Romania remembers bloodshed of 1989

Romania remembers bloodshed of 1989

Romania is marking 30 years since the uprising against communist dictator Nicolae Ceausescu was executed in 1989.

He faced a rapid trial with his wife Elena after 10 days of protests that toppled the last member of the Warsaw Pact. 

Ceausescu took office in 1965 and enforced costly plans to reconstruct Bucharest, creating debts and food, electricity and heating shortages.

There were reports of unrest and massacres in the city of Timisoara, 350km northwest of Bucharest, after December 17, 1989.

Demonstrations were held in Bulgaria, Hungary and Czechoslovakia to condemn the violence.

Ceausescu blamed “fascist, reactionary groups” for the uprising and refused to mention of casualties amid rumours that thousands had been shot by the military.

On December 21, the uprising spread to Bucharest as Ceausescu addressed a supposedly supportive crowd.

Broadcasts of Ceausescu’s speech were stopped as the security forces loyal to the dictator fought the army, which had abandoned him.

Ceausescu and his wife Elena were captured in the city of Targoviste close to Bucharest and faced a military tribune for genocide and abuse of power.

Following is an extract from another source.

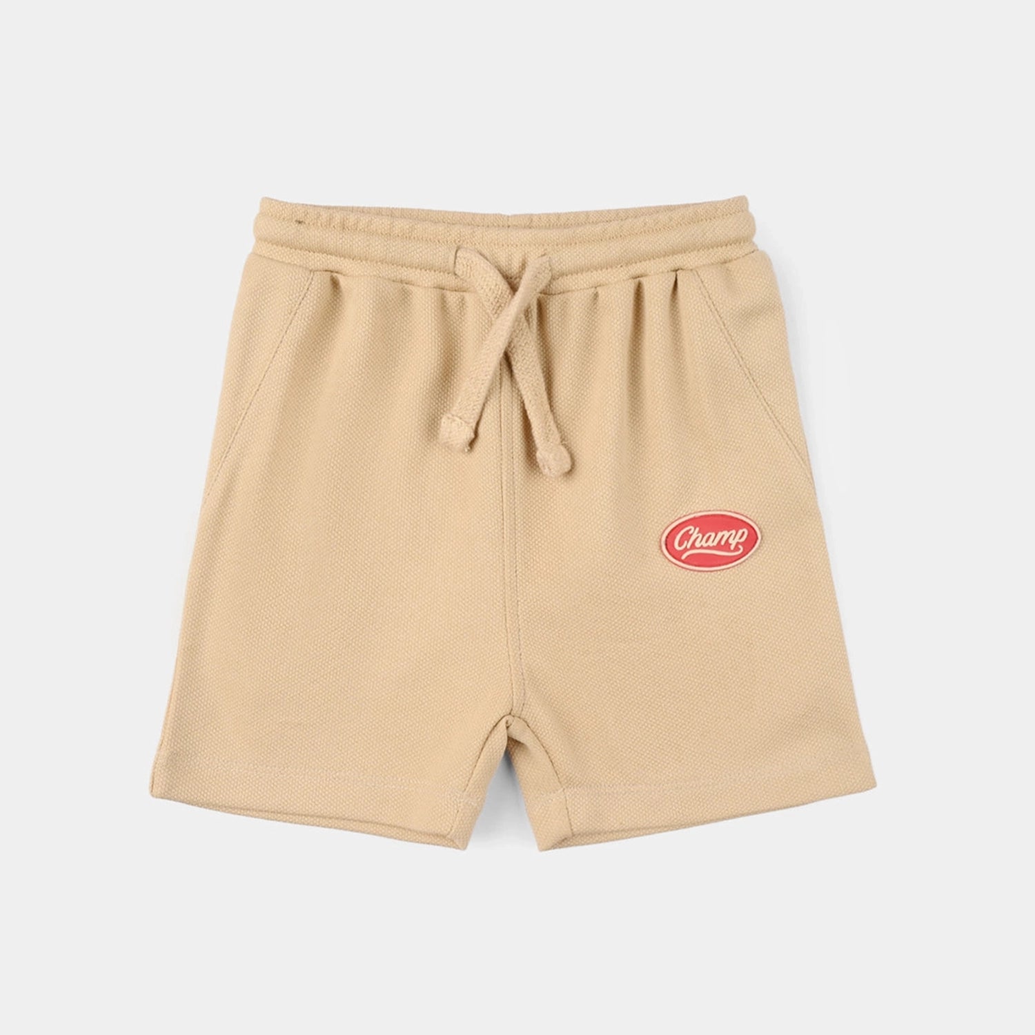 Infant boys' knitted shorts in brown feature CHAMP embroidery for a comfortable everyday look.

After the two-hour trial, paratroopers shot them in the courtyard with video of their corpses broadcast. It is reported that 1,142 people were killed during the uprising.

On 22 December 1989, Ceausescu gave the order to fire on protesters but most of the victims died after he had been toppled and former president, Ion Iliescu, had taken over. 

His trial started last month following the re-opening of a prolonged investigation and it is expected to hear from more than 5,000 witnesses.

A dictatorial monument 

Bucharest’s Palace of the Parliament (pictured), as it is now called, was completed after Ceausescu was executed.

Planned to host every government ministry under one roof, it now contains Romania’s parliament.

Călin Popescu-Tăriceanu, president of the senate until earlier this year, had the vast office that was meant to belong to Ceausescu.

“When I first came here there was a huge globe and I had this image in my mind of the dictator of [Charlie] Chaplin when he’s sitting on the desk and turning the globe,” the politician said.

He had furniture changed, including an oversized desk that was replaced with one half the size but still several times bigger than any normal desk. 

“The office must be a place where when you invite people and they feel a little bit comfortable, and you can make a friendly atmosphere, but this size is exactly the opposite, it’s creating distance between you and your guests,” Popescu-Tăriceanu said.

The building has 1 million cubic metres of marble, 3,500 tonnes of crystal, 1,100 rooms, silver brocade curtains and gold-leaf ceilings.

Approximately 20 per cent of the city was flattened for the House of the People, its surrounding buildings and the boulevard approaching it, which was designed to be wider and longer than Paris’ Champs-Élysee. 

Around 40,000 people were forcibly rehoused.

Ceausescu laid the cornerstone in 1984 and most of the exteriors were completed by 1989.